--- TASK INSTRUCTIONS ---
If a record holds a picture, omit that picture and copy everything else exactly.

DATA SHOWN START

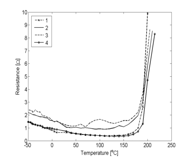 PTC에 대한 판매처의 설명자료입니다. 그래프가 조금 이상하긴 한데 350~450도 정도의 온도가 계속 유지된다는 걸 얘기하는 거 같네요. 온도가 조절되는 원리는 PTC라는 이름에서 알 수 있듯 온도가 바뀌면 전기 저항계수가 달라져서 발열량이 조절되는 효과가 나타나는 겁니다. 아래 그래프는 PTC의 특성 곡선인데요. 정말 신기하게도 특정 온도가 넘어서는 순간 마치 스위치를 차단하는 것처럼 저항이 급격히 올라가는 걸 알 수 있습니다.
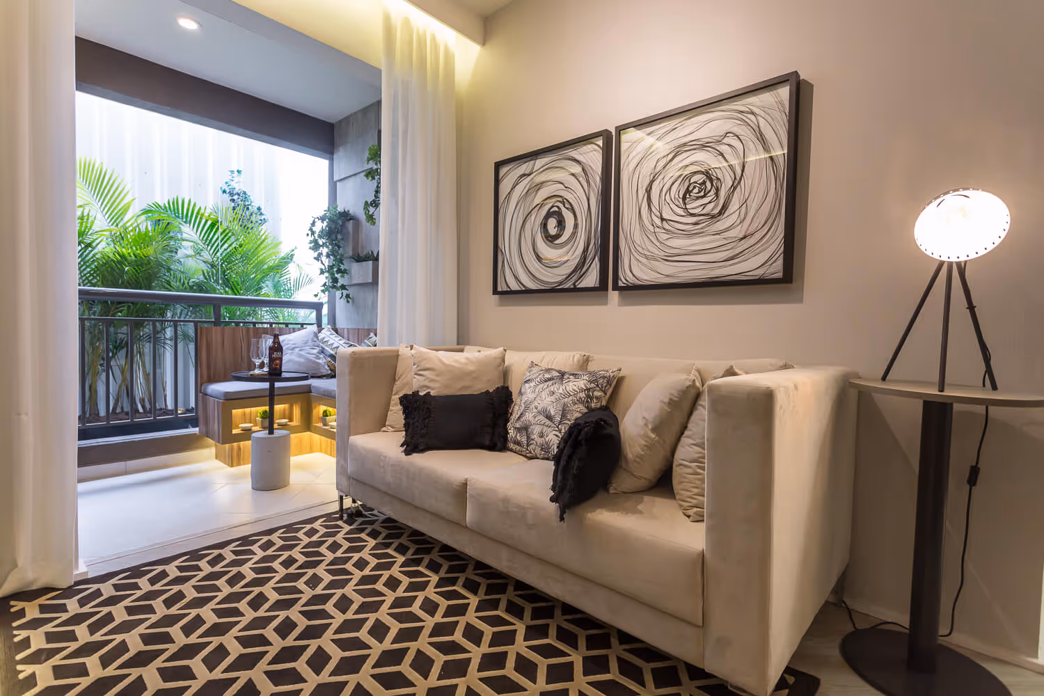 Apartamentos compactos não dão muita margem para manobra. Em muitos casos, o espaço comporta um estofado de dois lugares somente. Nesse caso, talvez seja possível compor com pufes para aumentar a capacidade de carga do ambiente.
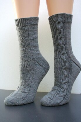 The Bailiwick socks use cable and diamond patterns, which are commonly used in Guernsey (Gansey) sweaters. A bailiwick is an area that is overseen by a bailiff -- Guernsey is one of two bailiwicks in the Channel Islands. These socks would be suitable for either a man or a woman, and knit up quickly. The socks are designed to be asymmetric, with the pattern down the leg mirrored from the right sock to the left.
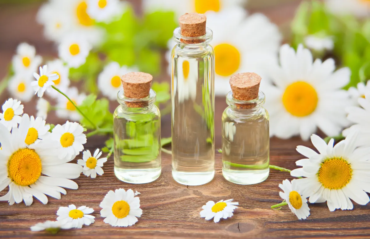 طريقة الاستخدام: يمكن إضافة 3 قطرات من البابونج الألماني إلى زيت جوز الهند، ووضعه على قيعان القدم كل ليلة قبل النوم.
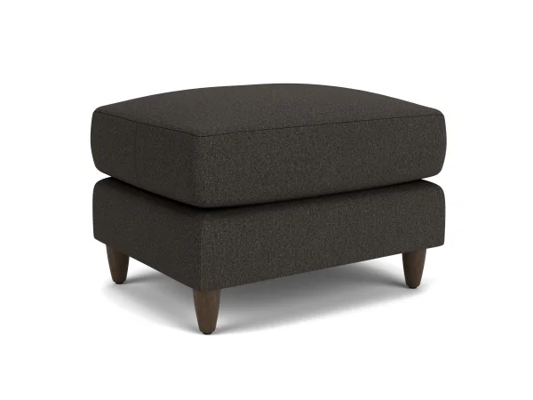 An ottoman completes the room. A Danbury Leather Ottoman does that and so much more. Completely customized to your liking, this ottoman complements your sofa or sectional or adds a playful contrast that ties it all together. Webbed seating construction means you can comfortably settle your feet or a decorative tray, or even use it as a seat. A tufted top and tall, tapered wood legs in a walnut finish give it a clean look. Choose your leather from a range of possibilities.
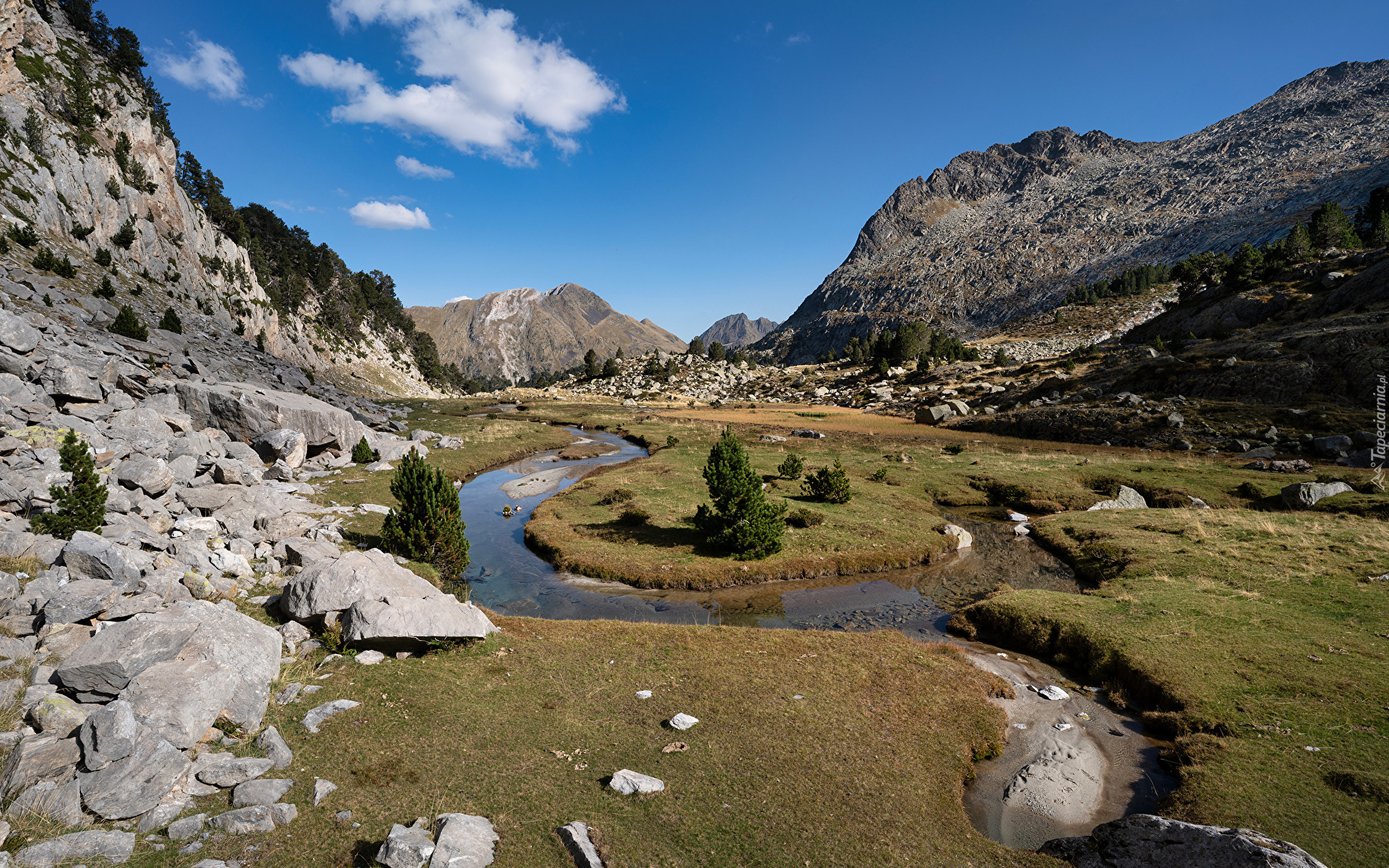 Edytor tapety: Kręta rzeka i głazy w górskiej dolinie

DATA SHOWN END

--- TASK RESPONSE ---
 PTC에 대한 판매처의 설명자료입니다. 그래프가 조금 이상하긴 한데 350~450도 정도의 온도가 계속 유지된다는 걸 얘기하는 거 같네요. 온도가 조절되는 원리는 PTC라는 이름에서 알 수 있듯 온도가 바뀌면 전기 저항계수가 달라져서 발열량이 조절되는 효과가 나타나는 겁니다. 아래 그래프는 PTC의 특성 곡선인데요. 정말 신기하게도 특정 온도가 넘어서는 순간 마치 스위치를 차단하는 것처럼 저항이 급격히 올라가는 걸 알 수 있습니다.
 Apartamentos compactos não dão muita margem para manobra. Em muitos casos, o espaço comporta um estofado de dois lugares somente. Nesse caso, talvez seja possível compor com pufes para aumentar a capacidade de carga do ambiente.
 The Bailiwick socks use cable and diamond patterns, which are commonly used in Guernsey (Gansey) sweaters. A bailiwick is an area that is overseen by a bailiff -- Guernsey is one of two bailiwicks in the Channel Islands. These socks would be suitable for either a man or a woman, and knit up quickly. The socks are designed to be asymmetric, with the pattern down the leg mirrored from the right sock to the left.
 طريقة الاستخدام: يمكن إضافة 3 قطرات من البابونج الألماني إلى زيت جوز الهند، ووضعه على قيعان القدم كل ليلة قبل النوم.
 An ottoman completes the room. A Danbury Leather Ottoman does that and so much more. Completely customized to your liking, this ottoman complements your sofa or sectional or adds a playful contrast that ties it all together. Webbed seating construction means you can comfortably settle your feet or a decorative tray, or even use it as a seat. A tufted top and tall, tapered wood legs in a walnut finish give it a clean look. Choose your leather from a range of possibilities.
 Edytor tapety: Kręta rzeka i głazy w górskiej dolinie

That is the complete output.